● **Task brief**
With the pictures left out, every record must be reproduced exactly.

[Extracted records]

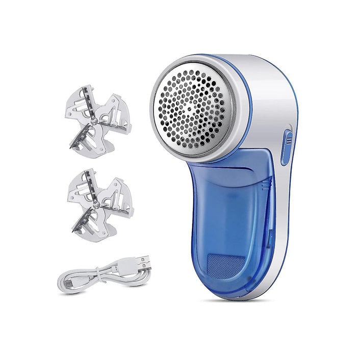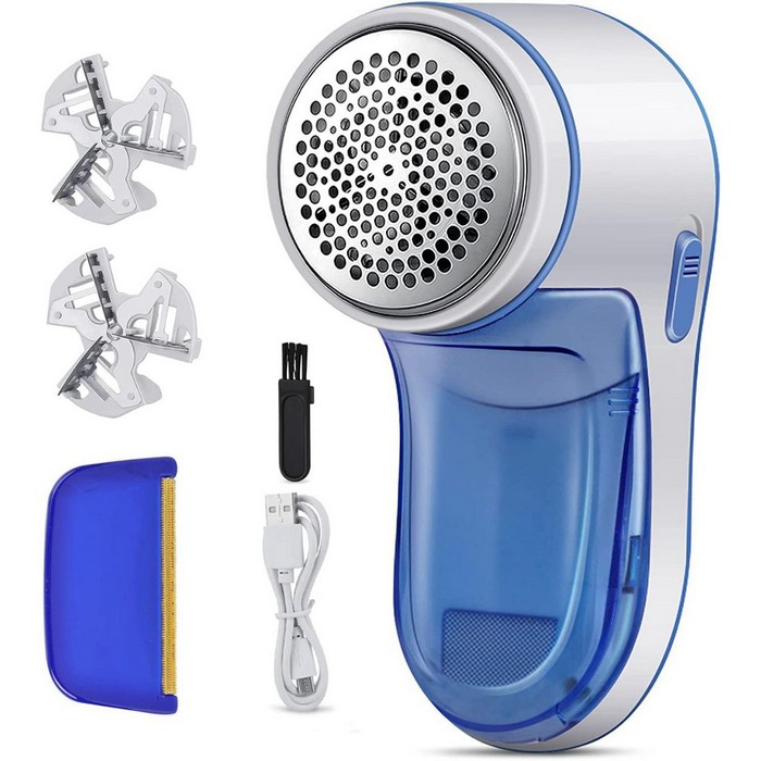 Aparat de curatat scame, TIffANY, Plastic/Metal, 3 W, Alb/Albastru, 2 lame, Haine, paturi, perne, canapele
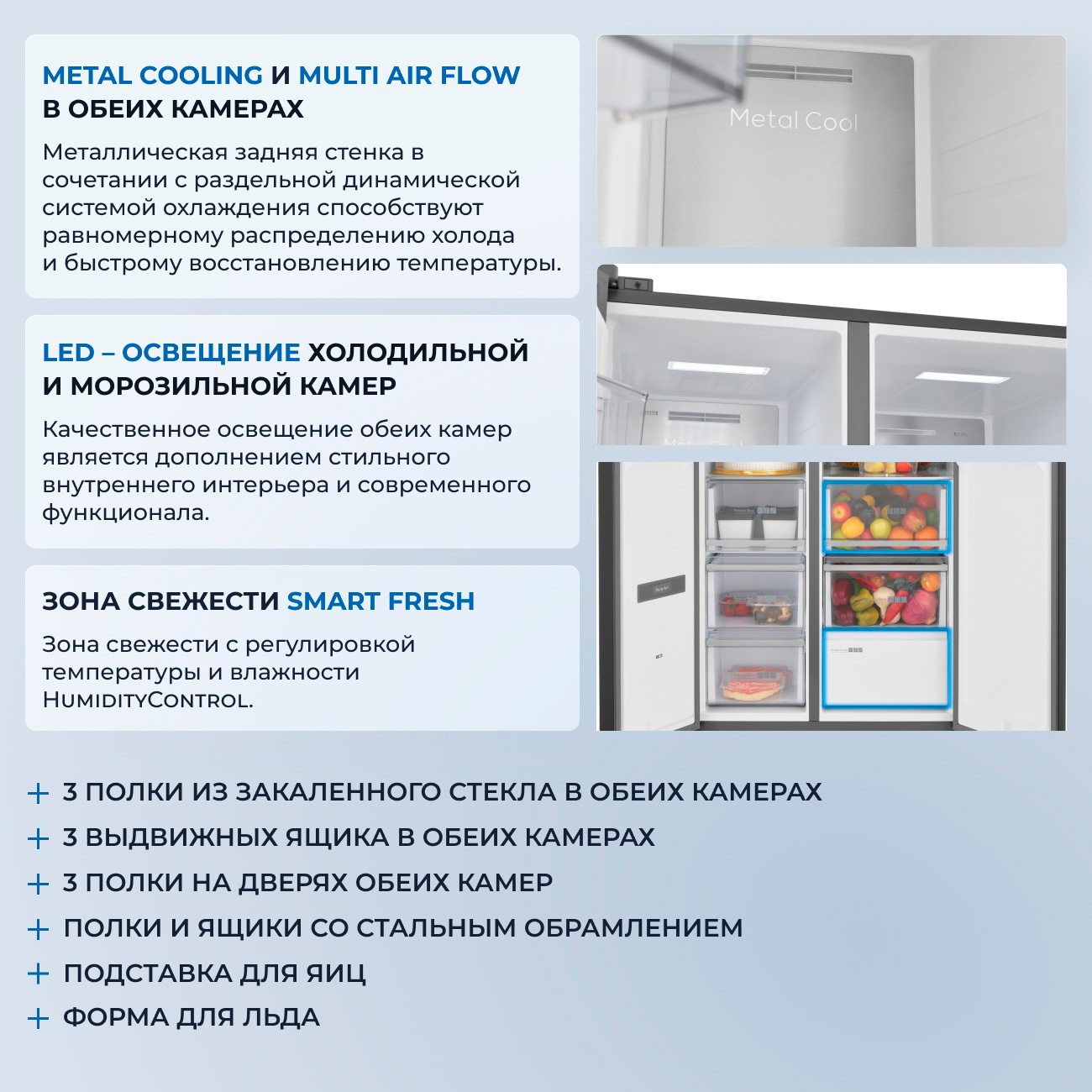 ОписаниеХолодильник Side-by-Side отдельностоящий
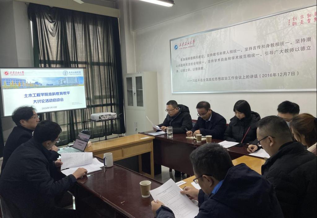 為進一步形成對本科教育教學(xué)高質(zhì)量發(fā)展的思想共識與行動自覺,深化本科教育教學(xué)改革,全面提升人才培養(yǎng)質(zhì)量。土木工程學(xué)院于1月10日上午在雁塔校區(qū)2教1105召開本科教育教學(xué)思想大討論活動啟動會。會議由副院長崔瑩主持,學(xué)院黨委書記陳濤、副院長李俊亭、副院長崔瑩、各系(中心)主任及教師代表參加會議。
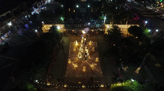 Apatzingán, Mich., A disfrutar las fiestas decembrinas de manera sana y tranquila y no relajar las medidas sanitarias por el Covid-19, exhortó el presidente municipal, José Luis Cruz Lucatero, al momento de encender el árbol navideño y la iluminación del centro de la ciudad.
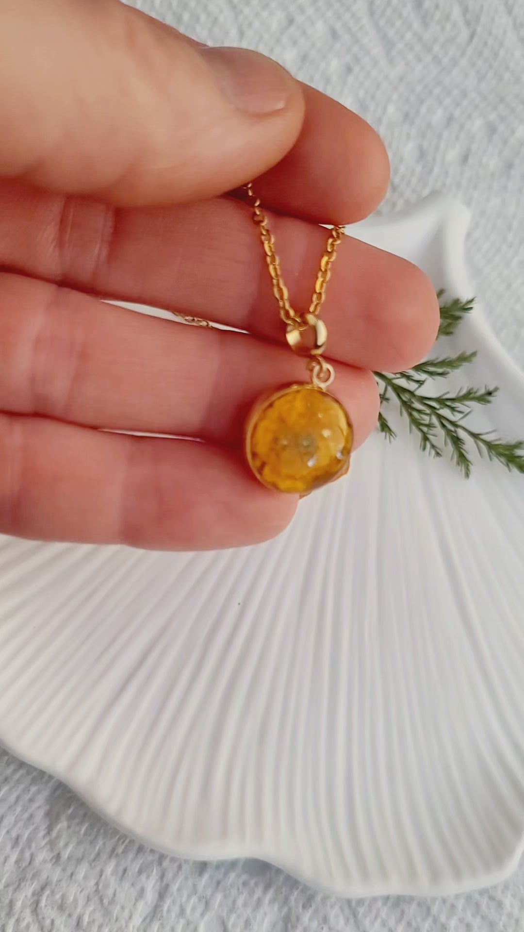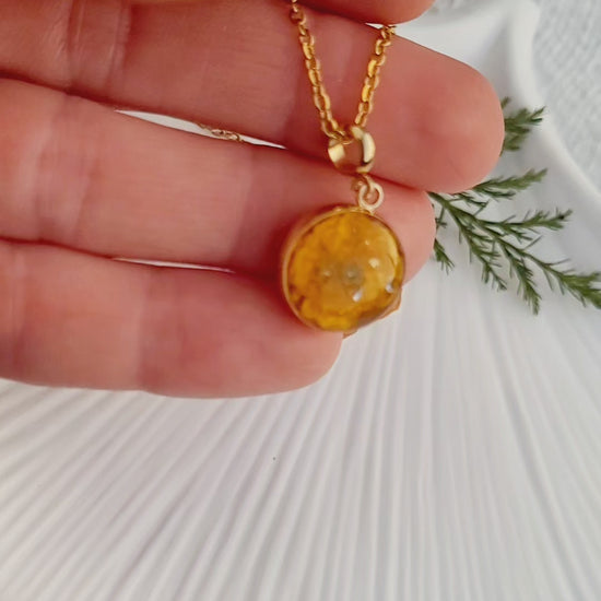 Delicate real butter cup flower Necklace – Minimalist jewelry.
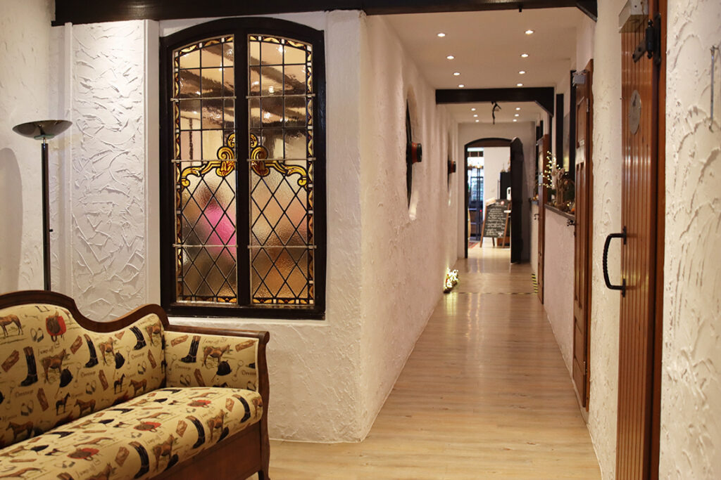 So kommen wir an einem Sonntagvormittag auf dem großen Parkplatz des Café-Bistrorante im Merziger Stadtteil Ballern an und betreten das Lokal durch eine rustikale Holztür. Sofort wird klar: Hier dreht sich alles ums Pferd. Denn um ins eigentliche Lokal zu gelangen, kommt man an einem gemütlichen Sofa und den Toiletten vorbei. Letztere sind nicht wie üblich gekennzeichnet, sondern mit „Hengst“ und „Stute“.
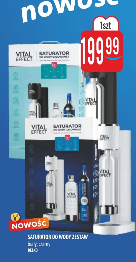 Saturator do wody gazowanej Delko Vital Effect dostępny jest w Mokpol w cenie 199,99 zł za jeden zestaw w kolorze białym lub czarnym. Urządzenie pozwala na samodzielne przygotowanie wody gazowanej w domu, oferując wygodną alternatywę dla kupowania gotowych napojów. Vital Effect to nowość, która pozwoli cieszyć się orzeźwiającymi, gazowanymi napojami o dowolnym stopniu nagazowania. Skorzystaj z możliwości przygotowywania ulubionych, bąbelkowych napojów w zaciszu domowym.
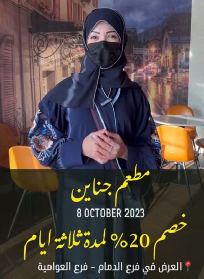 خصم 20% لمدة ثلاثة أيام في مطعم ”جناين“
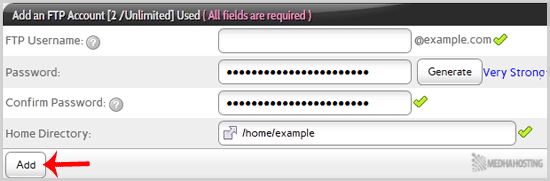 Password: Enter new FTP password in the password field and the confirm password field or generate a new password by clicking on the “Generate” button.
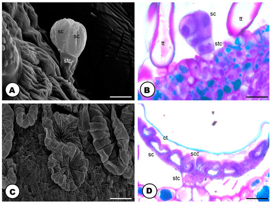 The structure of the capitate and peltate glandular trichomes located on the bracts of a pistillate flower of Humulus lupulus (A,C—SEM; B,D—LM, stained toluidine blue O). (A) Capitate trichome with a stalk and the secretory head cells. (B) Fully developed capitate glandular trichome. Note the elongate stalk cell and the round-shaped secretory head, formed by 3–4 cells with prominent nuclei. (C) Peltate trichomes without an exudate, thus, the flattened shape. (D) Fully developed peltate glandular trichome. Note the cuticle layer, the thinner blue-stained layer, that covers the interior region of the “folding” cells. Scale bars: (A,C) = 10 μm; (B,D) = 20 μm. Abbreviations: ct = cuticle, tt = tector trichomes (=non-glandular), sc = secretory cells, scc = subcuticular cavity, stc = stalk cells.
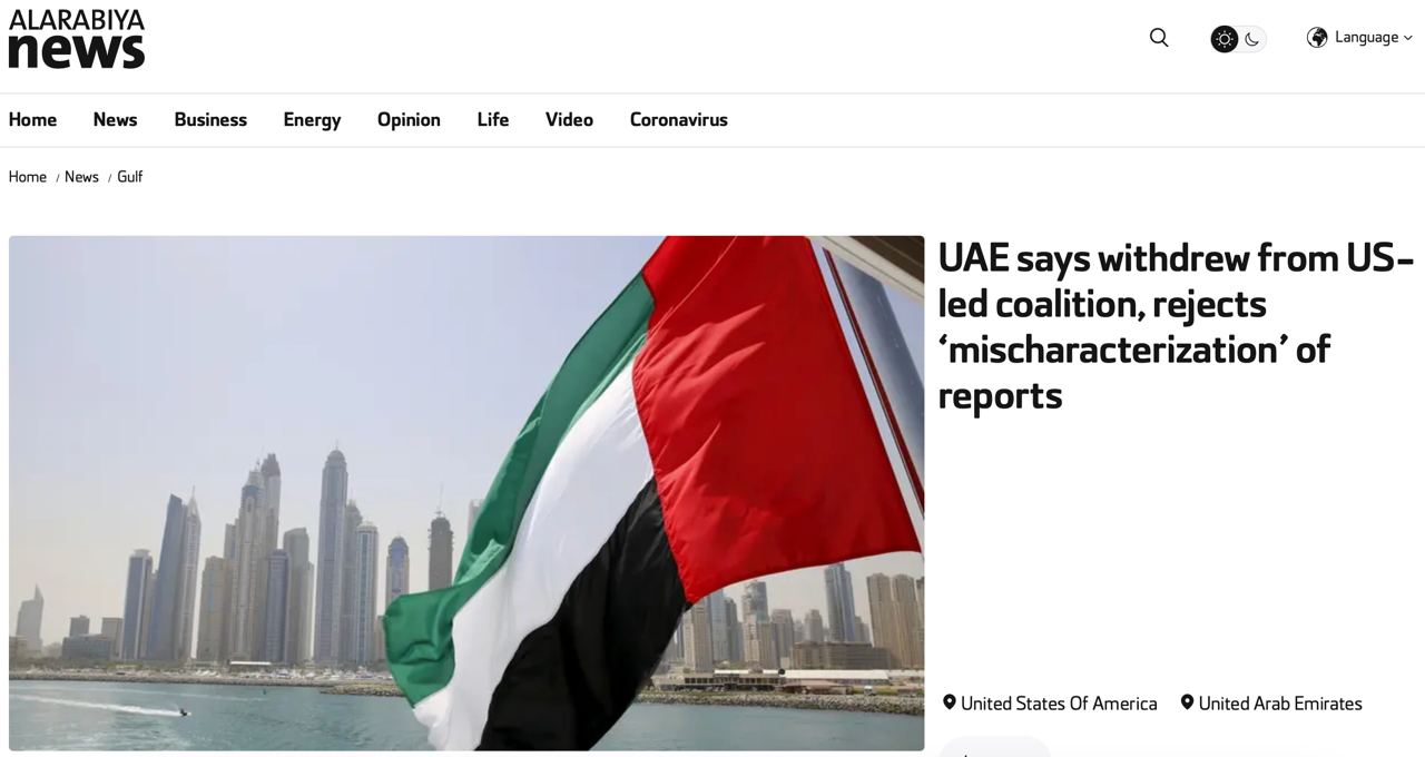 📝 «ОАЭ привержены мирному диалогу и дипломатическим средствам как средствам для достижения общих целей региональной безопасности и стабильности. В результате нашей постоянной оценки эффективности сотрудничества в области безопасности со всеми партнерами ОАЭ два месяца назад мы отказались от участия в Объединённых морских силах», – сообщили в МИД ОАЭ.

● **Result for this exercise**
 Aparat de curatat scame, TIffANY, Plastic/Metal, 3 W, Alb/Albastru, 2 lame, Haine, paturi, perne, canapele
 ОписаниеХолодильник Side-by-Side отдельностоящий
 為進一步形成對本科教育教學(xué)高質(zhì)量發(fā)展的思想共識與行動自覺,深化本科教育教學(xué)改革,全面提升人才培養(yǎng)質(zhì)量。土木工程學(xué)院于1月10日上午在雁塔校區(qū)2教1105召開本科教育教學(xué)思想大討論活動啟動會。會議由副院長崔瑩主持,學(xué)院黨委書記陳濤、副院長李俊亭、副院長崔瑩、各系(中心)主任及教師代表參加會議。
 Apatzingán, Mich., A disfrutar las fiestas decembrinas de manera sana y tranquila y no relajar las medidas sanitarias por el Covid-19, exhortó el presidente municipal, José Luis Cruz Lucatero, al momento de encender el árbol navideño y la iluminación del centro de la ciudad.
 Delicate real butter cup flower Necklace – Minimalist jewelry.
 So kommen wir an einem Sonntagvormittag auf dem großen Parkplatz des Café-Bistrorante im Merziger Stadtteil Ballern an und betreten das Lokal durch eine rustikale Holztür. Sofort wird klar: Hier dreht sich alles ums Pferd. Denn um ins eigentliche Lokal zu gelangen, kommt man an einem gemütlichen Sofa und den Toiletten vorbei. Letztere sind nicht wie üblich gekennzeichnet, sondern mit „Hengst“ und „Stute“.
 Saturator do wody gazowanej Delko Vital Effect dostępny jest w Mokpol w cenie 199,99 zł za jeden zestaw w kolorze białym lub czarnym. Urządzenie pozwala na samodzielne przygotowanie wody gazowanej w domu, oferując wygodną alternatywę dla kupowania gotowych napojów. Vital Effect to nowość, która pozwoli cieszyć się orzeźwiającymi, gazowanymi napojami o dowolnym stopniu nagazowania. Skorzystaj z możliwości przygotowywania ulubionych, bąbelkowych napojów w zaciszu domowym.
 خصم 20% لمدة ثلاثة أيام في مطعم ”جناين“
 Password: Enter new FTP password in the password field and the confirm password field or generate a new password by clicking on the “Generate” button.
 The structure of the capitate and peltate glandular trichomes located on the bracts of a pistillate flower of Humulus lupulus (A,C—SEM; B,D—LM, stained toluidine blue O). (A) Capitate trichome with a stalk and the secretory head cells. (B) Fully developed capitate glandular trichome. Note the elongate stalk cell and the round-shaped secretory head, formed by 3–4 cells with prominent nuclei. (C) Peltate trichomes without an exudate, thus, the flattened shape. (D) Fully developed peltate glandular trichome. Note the cuticle layer, the thinner blue-stained layer, that covers the interior region of the “folding” cells. Scale bars: (A,C) = 10 μm; (B,D) = 20 μm. Abbreviations: ct = cuticle, tt = tector trichomes (=non-glandular), sc = secretory cells, scc = subcuticular cavity, stc = stalk cells.
 📝 «ОАЭ привержены мирному диалогу и дипломатическим средствам как средствам для достижения общих целей региональной безопасности и стабильности. В результате нашей постоянной оценки эффективности сотрудничества в области безопасности со всеми партнерами ОАЭ два месяца назад мы отказались от участия в Объединённых морских силах», – сообщили в МИД ОАЭ.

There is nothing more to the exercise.